Parton told Melissa she will direct part of a $100 million award she was given last fall from Amazon Founder Jeff Bezos toward the Imagination Library, as well as causes around her hometown in eastern Tennessee.
“I’ve always believed charity begins at home,” she said. “I’m the kind of person, I have to feel it and see it and know where that’s where I should go with it. I love to share. I’ve been blessed and I think that if you get in a position to help, you should help so I’ll just be looking for whatever else I can do to help.”
The Imagination Library leverages their foundation’s buying power, promotion, and assistance with operation counts, alongside public and private partnerships to cover mailing and book costs. Gov. Kelly said it’s worth the investment, and noted the bipartisan cooperation in getting the money added to the budget.
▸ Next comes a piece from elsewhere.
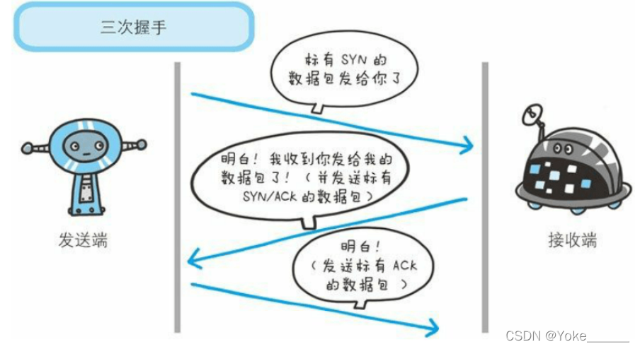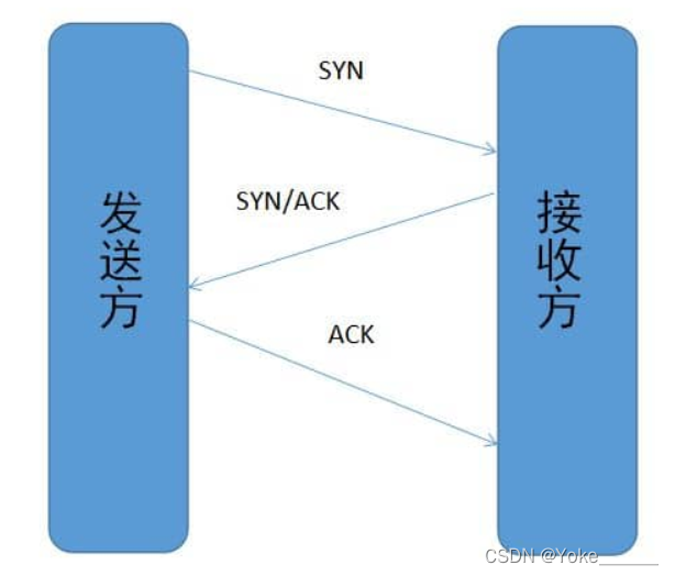 客户端–发送带有 SYN 标志的数据包–一次握手–服务端

“We know it works. We know it’s a productive program so we want to make sure it went statewide,” she said.
Audience members included representatives of the more than 85 local Imagination Library partners, including the United Way of the Kaw Valley, based in Topeka. CEO Jessica Lehnherr said hearing from Parton first-hand was everything she expected, and capped the overall excitement leading up to the day.
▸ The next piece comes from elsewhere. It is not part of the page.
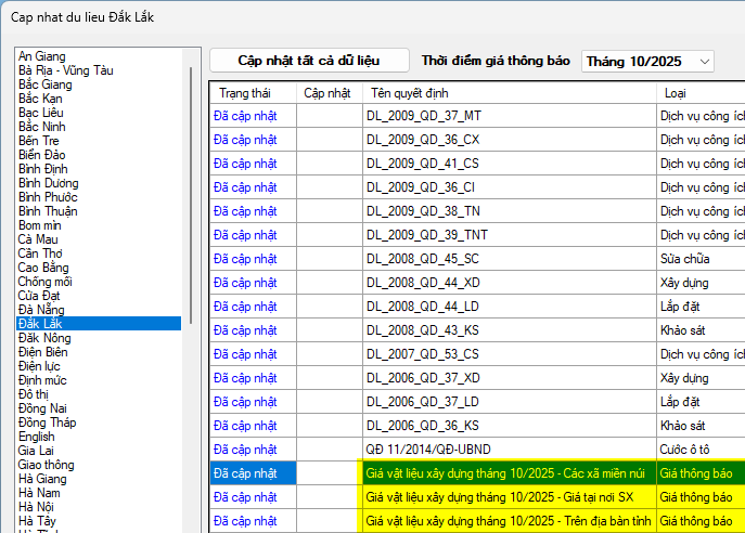 Phần mềm Dự toán F1 đã đăng tải toàn bộ dữ liệu giá thông báo vật liệu kèm theo công bố trên cho cả bản thương mại và bản miễn phí. Mọi người nhanh chóng cập nhật về để sử dụng nhé!

“Just since she made the announcement (she was coming to Kansas), we had over 140 children sign up in two days, so it really has increased the awareness of this program and getting children to learn and sign up for books,” Lehnherr said.
Beyond the Imagination Library and other philanthropic ventures, Parton continues tackling new professional ventures. Her first rock and roll album is due out in November.
“I love being in country and I love being in movies and I love all the things that I’ve done, but when they put me in the Rock and Roll Hall of Fame - I love rock music. My husband is a rock freak, and I had often thought, well, maybe someday I’d do a rock album, but I kept getting older and thought maybe I had missed that opportunity, and then they go put me in the Rock and Roll Hall of Fame, and I thought, well timing is everything,” Parton, who is 77 years old, said. “That also goes to show you you’re never too old to see dreams come true, so I’m proud to say I have that as part of my legacy.”
On stage, before Parton treated the crowd to renditions of “Coat of Many Colors” and “Try,” Gov. Kelly asked Parton if she had any other new ventures in the works.
“I wake up with new dreams every day,” Parton said.
Dreaming, Parton said, is an enjoyment open to everyone. Reading and education can be tools to move those dreams forward.
“I don’t think one should ever be surprised that a child makes it from wherever they’re from. I’m a good example of that, being from a rural area and being from a poor family,” Parton said. “It doesn’t matter where you’re from. If you’re smart and if you have a good heart and if you stick to your guns and do the work and keep dreaming and believing in yourself, then you’re going to do some great things in this world.”
For all the books she’s given, Parton said her favorite is the one all Imagination Library participants receive first: The Little Engine That Could.
“It gave me confidence - I think I can, I think I can,” she said. “I truly am a little engine that did!”
As Melissa’s interview with Parton wrapped up, the hit “9 to 5″ started playing on the overhead speaker. Topeka Civic Theatre happens to be doing the stage musical in September.
“That movie, that stage show, it just talks about women in the workplace and really being fair and honest with people. Equal pay for equal pay and all that, so I think that was the first movie of its kind to really draw attention to that - people were not being paid and not being respected as much as they should,” Parton said. “It’s a good show and I’d like to think my music has held up. I just say to the actors coming in, have a good time because I had a good time writing it. I had a good time starring in it when I got to do the movie. I wish I could be there with them but just hang in there and break a leg as they say!”